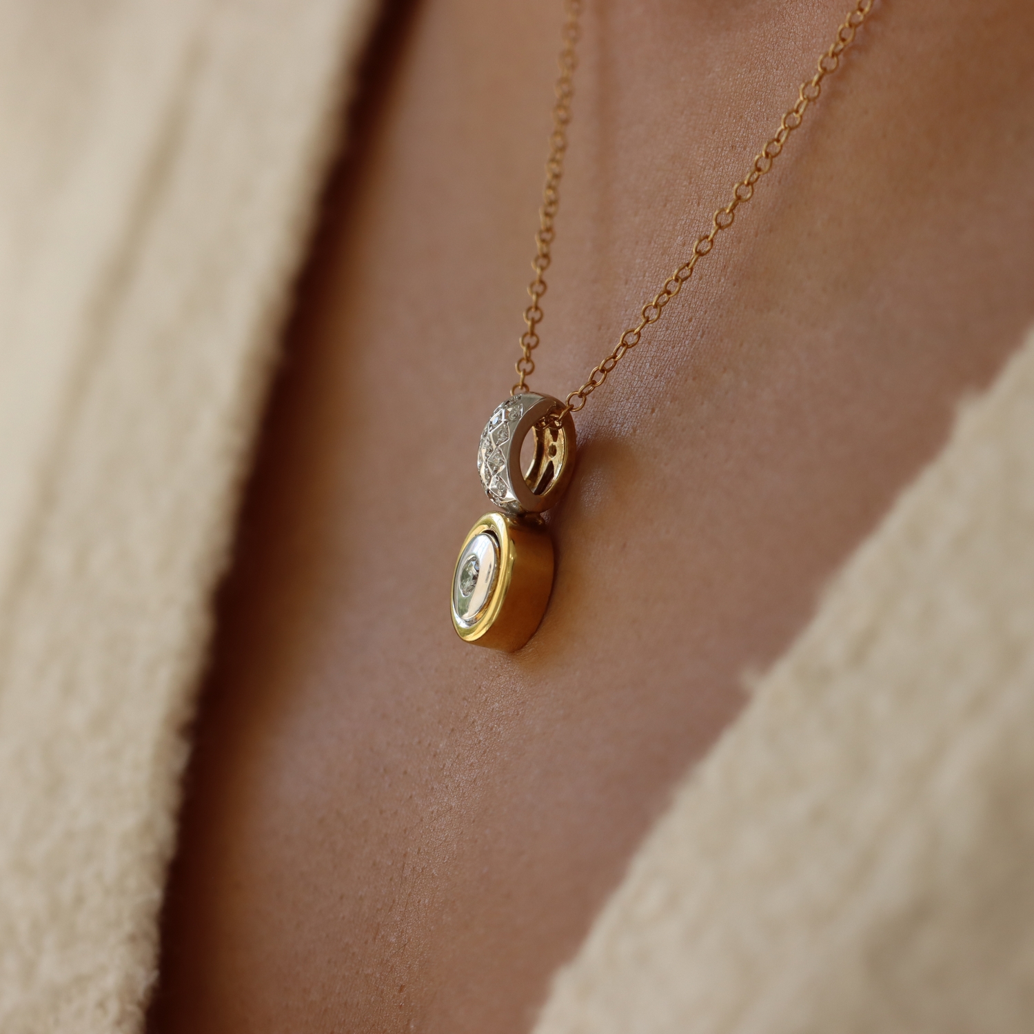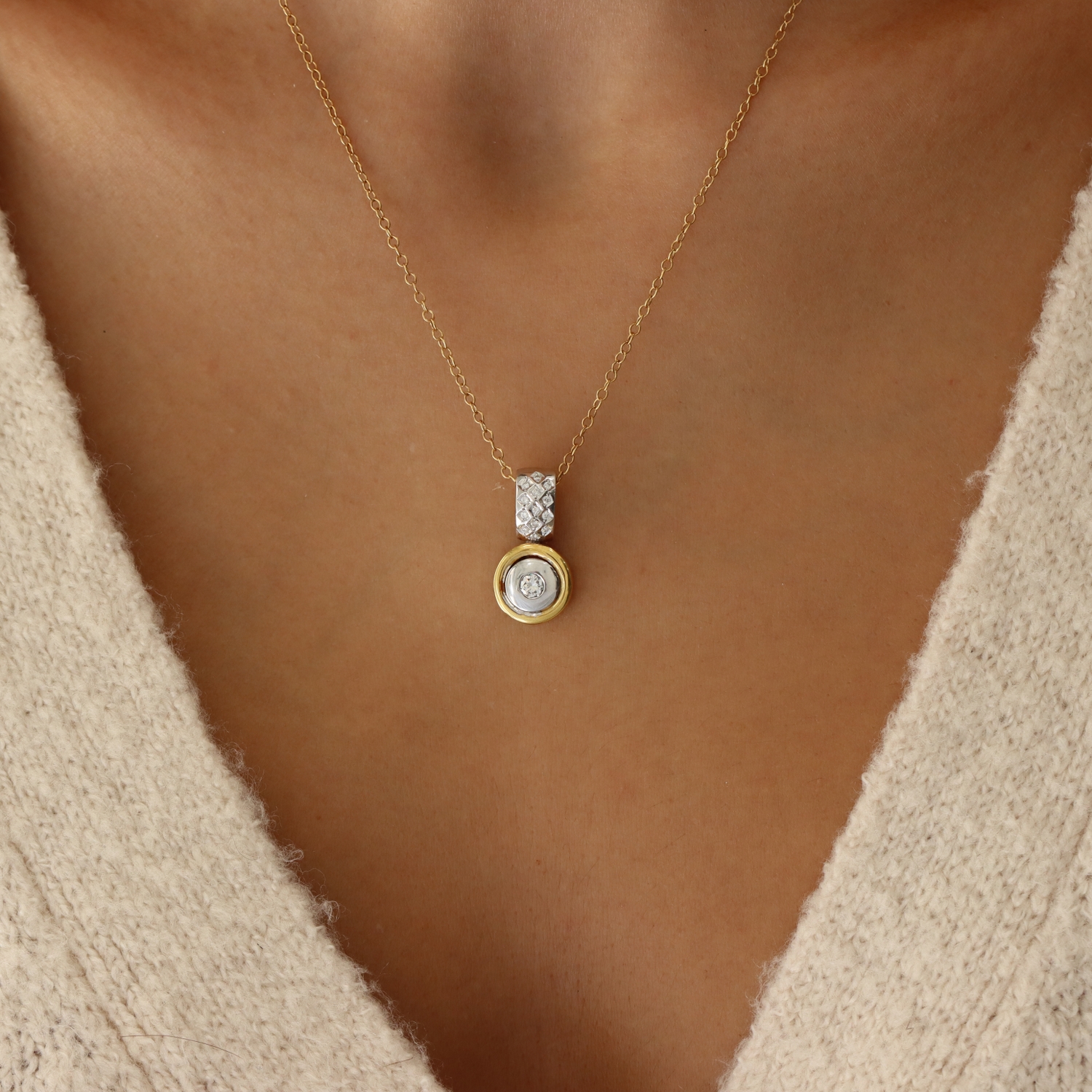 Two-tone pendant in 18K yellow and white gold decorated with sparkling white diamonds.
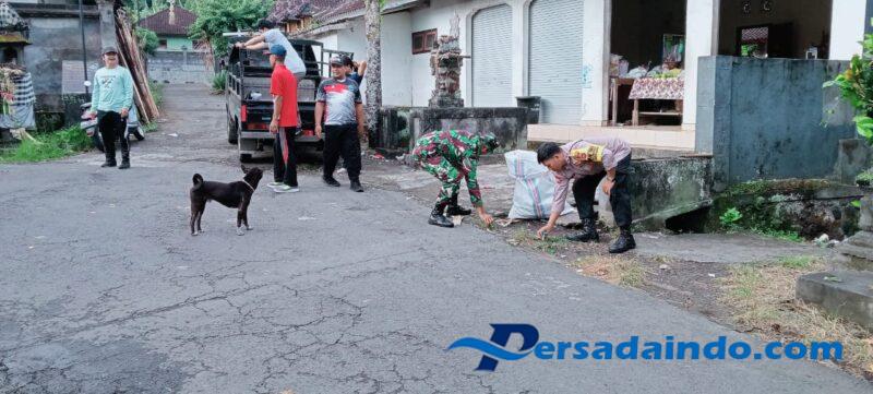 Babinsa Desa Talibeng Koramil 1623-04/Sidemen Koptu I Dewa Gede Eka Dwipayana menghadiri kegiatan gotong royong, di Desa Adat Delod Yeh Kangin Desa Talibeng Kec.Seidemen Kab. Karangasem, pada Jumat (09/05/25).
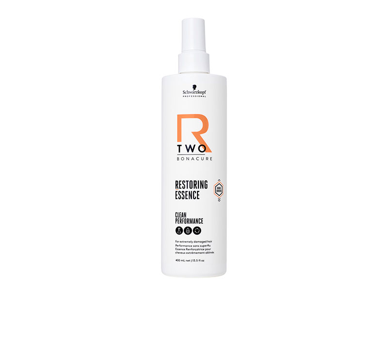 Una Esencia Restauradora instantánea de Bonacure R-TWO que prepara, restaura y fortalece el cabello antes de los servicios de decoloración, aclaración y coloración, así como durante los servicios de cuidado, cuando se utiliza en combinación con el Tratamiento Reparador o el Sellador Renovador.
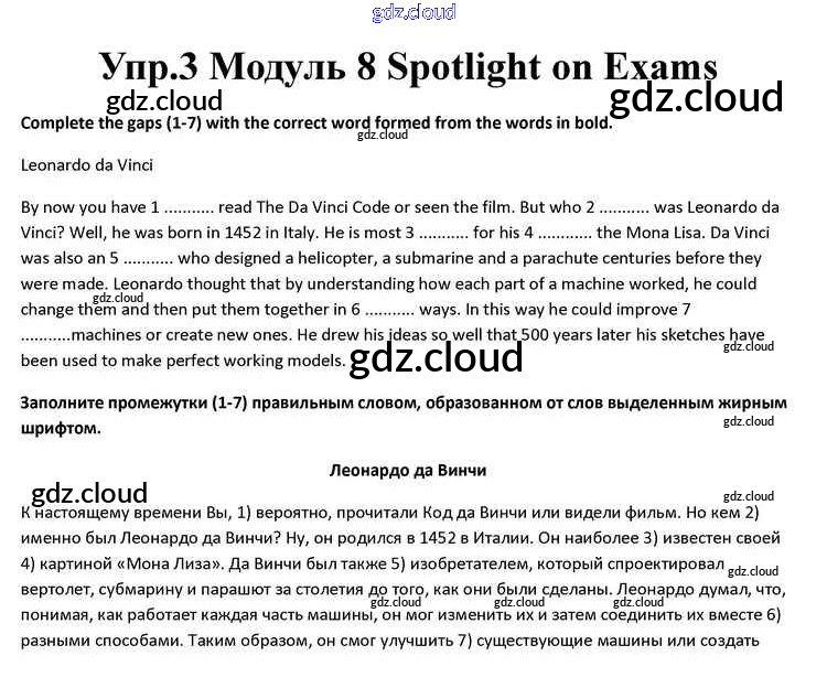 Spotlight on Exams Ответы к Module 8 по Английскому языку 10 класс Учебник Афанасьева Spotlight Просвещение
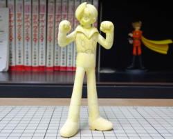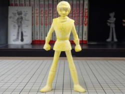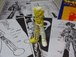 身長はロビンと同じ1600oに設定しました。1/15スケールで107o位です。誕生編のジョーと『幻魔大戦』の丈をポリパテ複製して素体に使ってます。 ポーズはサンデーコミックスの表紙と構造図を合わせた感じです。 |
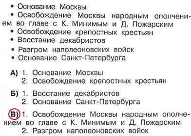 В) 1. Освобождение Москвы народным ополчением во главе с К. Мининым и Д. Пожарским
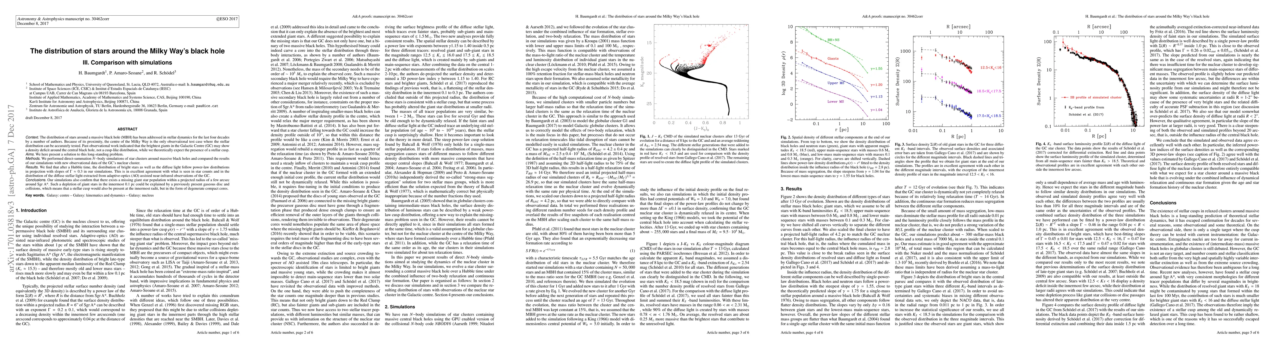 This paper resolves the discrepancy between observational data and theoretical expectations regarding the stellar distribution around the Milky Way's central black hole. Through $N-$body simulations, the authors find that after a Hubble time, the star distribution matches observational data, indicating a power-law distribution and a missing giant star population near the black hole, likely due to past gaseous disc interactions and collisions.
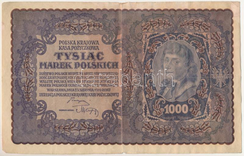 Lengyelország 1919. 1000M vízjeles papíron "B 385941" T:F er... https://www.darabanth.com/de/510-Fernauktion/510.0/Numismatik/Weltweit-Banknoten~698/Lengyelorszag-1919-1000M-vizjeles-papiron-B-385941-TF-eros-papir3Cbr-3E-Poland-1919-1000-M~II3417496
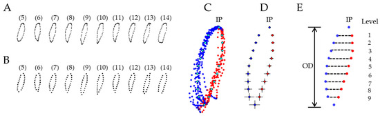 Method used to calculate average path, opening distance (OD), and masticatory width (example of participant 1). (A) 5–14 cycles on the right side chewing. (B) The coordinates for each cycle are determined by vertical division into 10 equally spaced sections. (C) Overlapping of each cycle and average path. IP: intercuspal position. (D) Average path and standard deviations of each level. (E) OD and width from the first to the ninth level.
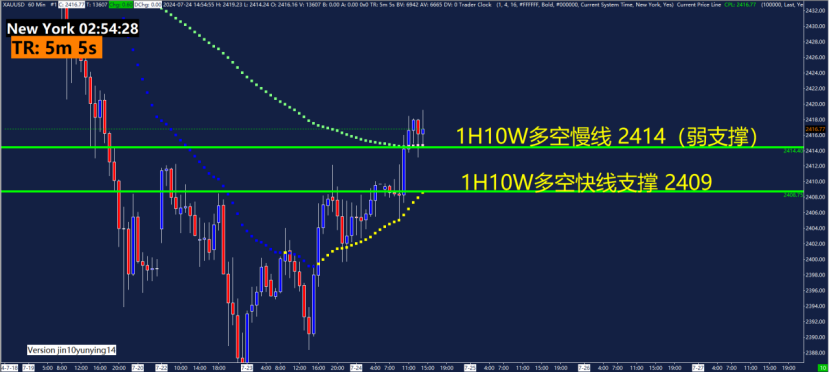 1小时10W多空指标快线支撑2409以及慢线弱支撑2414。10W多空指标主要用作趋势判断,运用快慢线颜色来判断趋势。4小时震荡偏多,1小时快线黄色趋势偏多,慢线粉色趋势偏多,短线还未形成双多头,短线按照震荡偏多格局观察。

++++++++++++++++++++

What you should do: Each line above from the one containing "Spotlight on Exams" through the one containing "This paper resolves" is to be returned verbatim. Nothing else, and no pictures.

Solution for this exercise:
 Spotlight on Exams Ответы к Module 8 по Английскому языку 10 класс Учебник Афанасьева Spotlight Просвещение
 身長はロビンと同じ1600oに設定しました。1/15スケールで107o位です。誕生編のジョーと『幻魔大戦』の丈をポリパテ複製して素体に使ってます。 ポーズはサンデーコミックスの表紙と構造図を合わせた感じです。 |
 В) 1. Освобождение Москвы народным ополчением во главе с К. Мининым и Д. Пожарским
 This paper resolves the discrepancy between observational data and theoretical expectations regarding the stellar distribution around the Milky Way's central black hole. Through $N-$body simulations, the authors find that after a Hubble time, the star distribution matches observational data, indicating a power-law distribution and a missing giant star population near the black hole, likely due to past gaseous disc interactions and collisions.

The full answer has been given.